**INSTRUCTIONS TO FOLLOW**
Print the lines that run from the line with "1、在加工界面中,创建工序-mill-p" to the line with "保時捷 2025 年月曆以", keeping both end lines, exactly as they appear in the entries below, and nothing else.

**DATASET ENTRIES**

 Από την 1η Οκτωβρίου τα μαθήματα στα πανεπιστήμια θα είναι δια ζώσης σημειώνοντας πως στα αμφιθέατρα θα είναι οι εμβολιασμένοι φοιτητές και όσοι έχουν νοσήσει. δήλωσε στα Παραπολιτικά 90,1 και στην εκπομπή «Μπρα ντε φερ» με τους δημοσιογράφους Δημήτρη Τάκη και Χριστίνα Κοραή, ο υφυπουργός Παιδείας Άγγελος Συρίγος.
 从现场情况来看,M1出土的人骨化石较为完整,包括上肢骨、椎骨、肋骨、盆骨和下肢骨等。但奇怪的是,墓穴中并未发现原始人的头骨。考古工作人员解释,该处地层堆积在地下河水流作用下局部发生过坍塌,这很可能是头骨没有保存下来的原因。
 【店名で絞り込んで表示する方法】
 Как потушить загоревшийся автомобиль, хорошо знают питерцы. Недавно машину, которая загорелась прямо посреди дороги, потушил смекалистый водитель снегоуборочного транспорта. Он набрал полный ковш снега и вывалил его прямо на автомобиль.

---

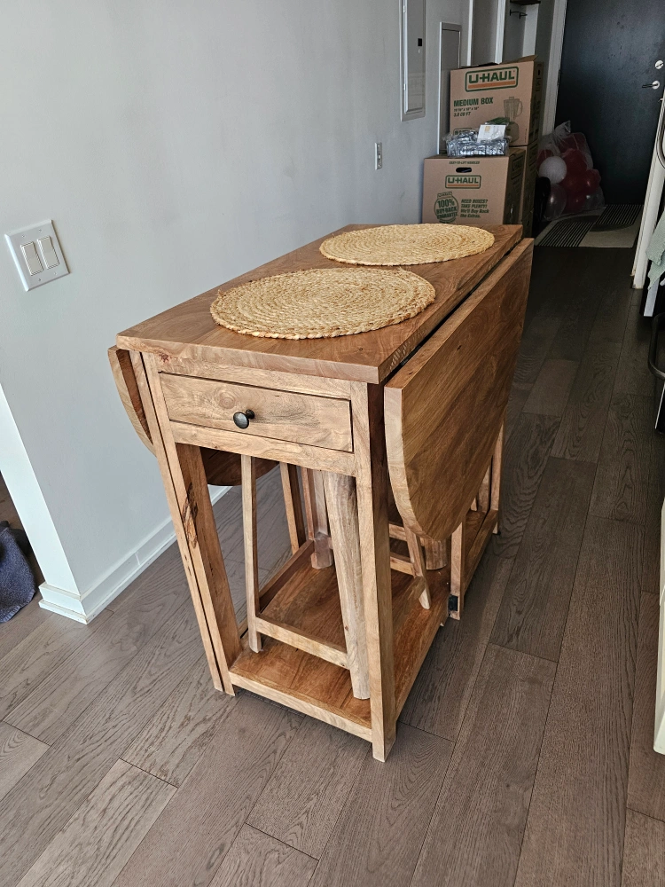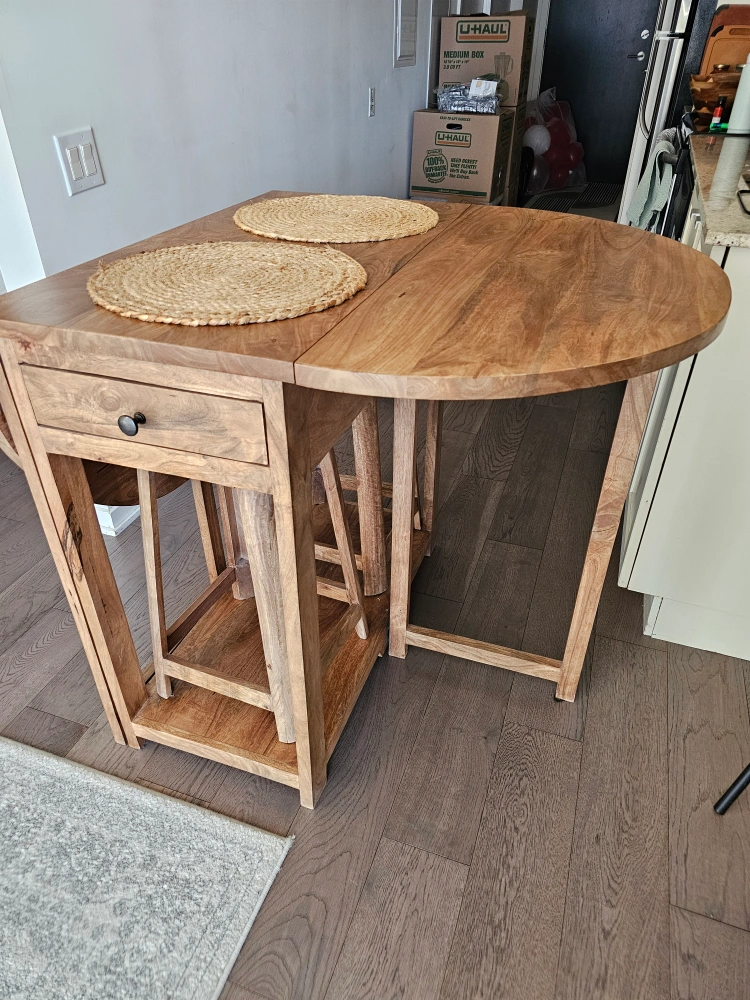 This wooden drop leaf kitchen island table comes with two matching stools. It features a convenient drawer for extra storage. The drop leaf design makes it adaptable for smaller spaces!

--

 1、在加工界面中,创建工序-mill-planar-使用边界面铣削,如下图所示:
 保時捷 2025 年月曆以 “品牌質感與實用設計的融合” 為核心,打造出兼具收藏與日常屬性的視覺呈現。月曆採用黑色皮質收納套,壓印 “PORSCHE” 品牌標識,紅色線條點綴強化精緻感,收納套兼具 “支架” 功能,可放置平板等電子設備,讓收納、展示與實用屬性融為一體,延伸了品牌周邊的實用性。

**EXERCISE ANSWER**
 1、在加工界面中,创建工序-mill-planar-使用边界面铣削,如下图所示:
 保時捷 2025 年月曆以 “品牌質感與實用設計的融合” 為核心,打造出兼具收藏與日常屬性的視覺呈現。月曆採用黑色皮質收納套,壓印 “PORSCHE” 品牌標識,紅色線條點綴強化精緻感,收納套兼具 “支架” 功能,可放置平板等電子設備,讓收納、展示與實用屬性融為一體,延伸了品牌周邊的實用性。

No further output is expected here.